“It is a crime against nature that Eloise was taken so young. I never understood why the most innocent in our world seem to suffer the most. There’s no rhyme or reason for it. God can be so randomly cruel sometimes, do you agree? I suppose you’ll have a few choice questions for the man upstairs when your time comes, no doubt. May I offer you a drink, Grace?”
My heart quickens its pace. How did he know my name?

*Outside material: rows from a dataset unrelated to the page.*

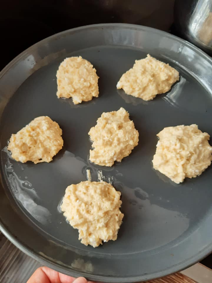 Ανακατεύω και τρίβω το τυρί με το μάτι. Προσθέτω αρκετό αλεύρι για να γίνει μια πολύ πηχτή και κολλώδης ζύμη.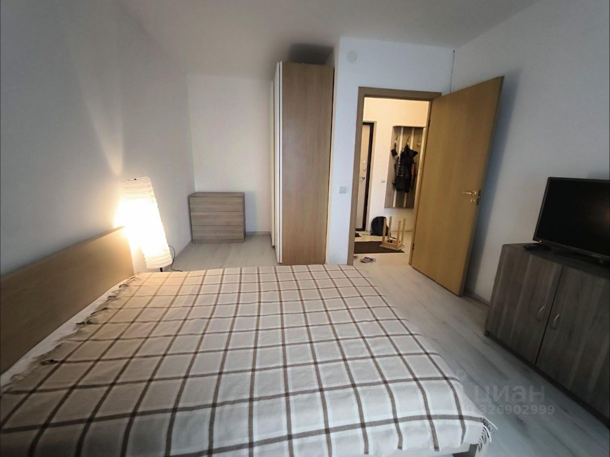Общая площадь 34.7 кв. м, жилая — 17 кв. м, кухня — 9 кв. м. Квартира расположена на 2-м этаже 26-этажного монолитного дома, построенного в 2014 году. Высота потолков — 2.7 метра.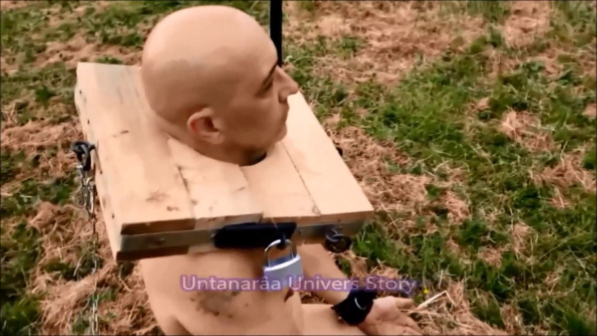 VOST engl - This naked and chaste inferior is tied up in the garden.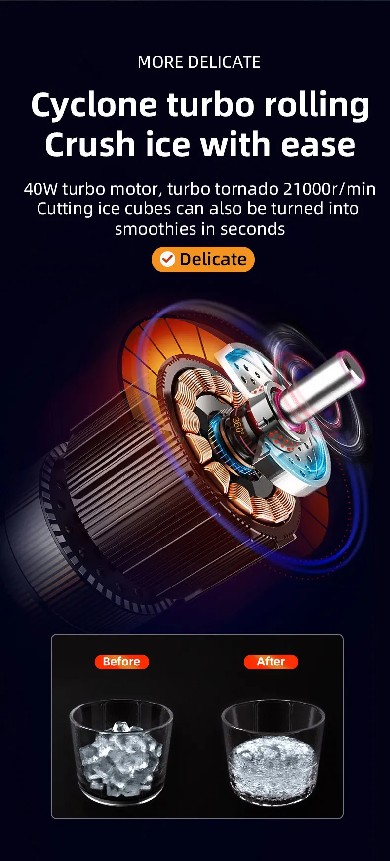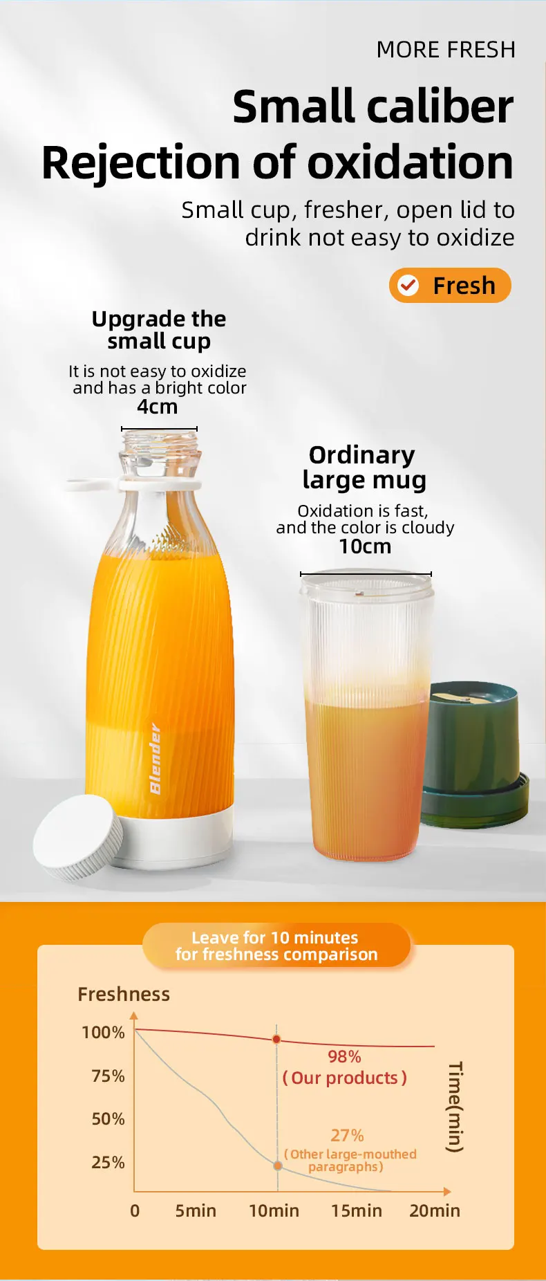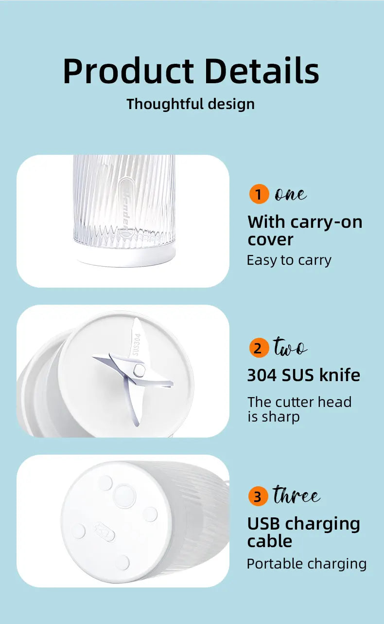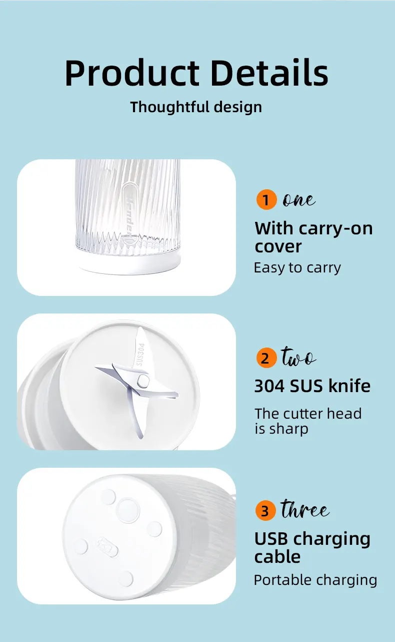 This product has a high-speed motor and a six blade stainless steel blade, which can finely extract juice. It is USB charging, wireless and portable, and easy to clean. It is a great product for your home and travel.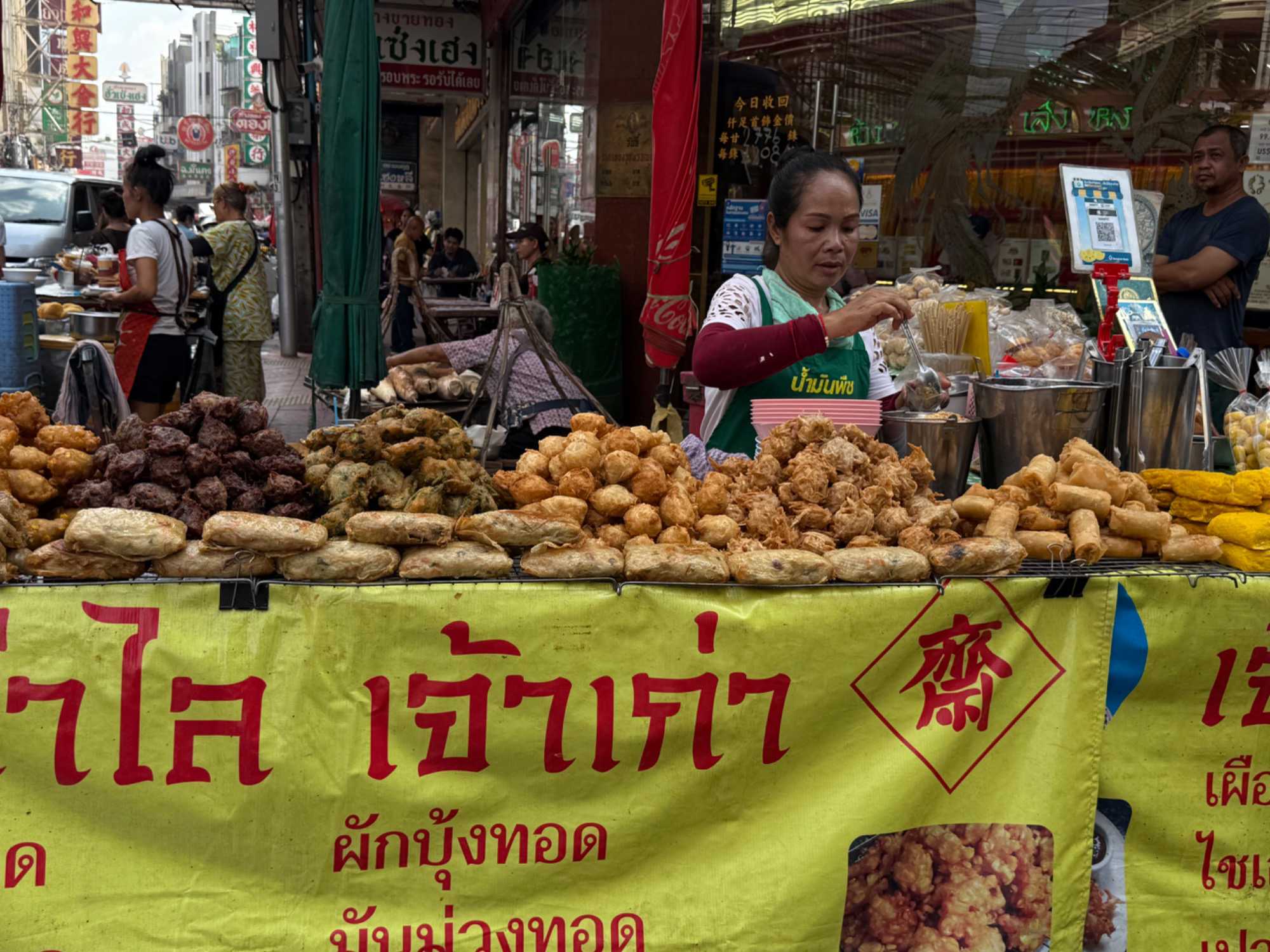 Puis, nous poursuivons notre route vers le quartier chinois. Exotique, pittoresque et bruyant, il est impossible de passer à côté du Chinatown, lorsqu’on séjourne à Bangkok,là où les premières vagues d’immigration chinoise sont arrivées après 1782, alors que Rama 1er instaura la dynastie Rattanakosin. Le nombre des migrants a augmenté demanière significative, ce qui a rendu nécessaire la fondation du Chinatown. Le besoin de s’entourer de marchands pour approvisionner la jeune capitale s’avérait indéniable. Malgré une forte croissance à partir des années 1850 et la richesse qu’en ont retiré les chinois qui leur a permis d’accéder à des propriétés immobilières cossues, la richesse a aussi malheureusement entraîné la démesure et on a vu l’apparition de trafiquants d’opium, de lieux de perdition, etc.

“Champagne perhaps? Shall I call the waitress?”
Through clenched teeth, I mumble a response.
“I’m sorry Ms. Madsen. I didn’t hear you.”
“I don’t drink alcohol,” I say quietly.
“Ahhh, you must be an angel then. How delightful. We’ve so much in common, you and I.”
“What could I possibly have in common with you Sir?” I say between gritted teeth.
“You see Grace, we are both particular kinds of angels. Fallen angels, as it were…”
My heart races, my voice begins to quiver.
“Fallen angels?”
“Indeed…”
The man gestures to the waitress. As he places the order I summon the courage to look up at the demon. To my dismay, I notice the tip of his tongue is split. I try to mask my look of horror as his forked tongue slips in and out between his lips, like an alien creature with two slimy pointed heads living inside the cave of his mouth. I immediately feel nauseous again. It is the most disgusting thing I’ve ever seen, more horrifying perhaps than the pointed horns. He turns back to me and introduces himself by holding a limp hand out in a polite, even effete manner.
“Grace, please forgive my rudeness. I know your name but you don’t know mine. Allow me to introduce myself. I’m Lucius Barrington, at your service. I am the founder of the Chicago branch of the Worldwide Church of Satan. You are always invited to visit my temple, The Church of the Anti-Christ. Please do a Google search on the name and you’ll find our website. I conduct services there every Friday at midnight. Some in the press might call it a Black Mass, but really it’s nothing of the sort. Please ignore all the negative publicity we seem to attract. We are just a social gathering of open-minded intellectually curious friends, no different than you and your friends, I’m sure. You can also find us on the social media, f*******:, Twitter, etcetera. I’d love you to meet my congregation, if you’re not too busy this Friday. You’d be a most honored guest, Ms. Madsen, I assure you…”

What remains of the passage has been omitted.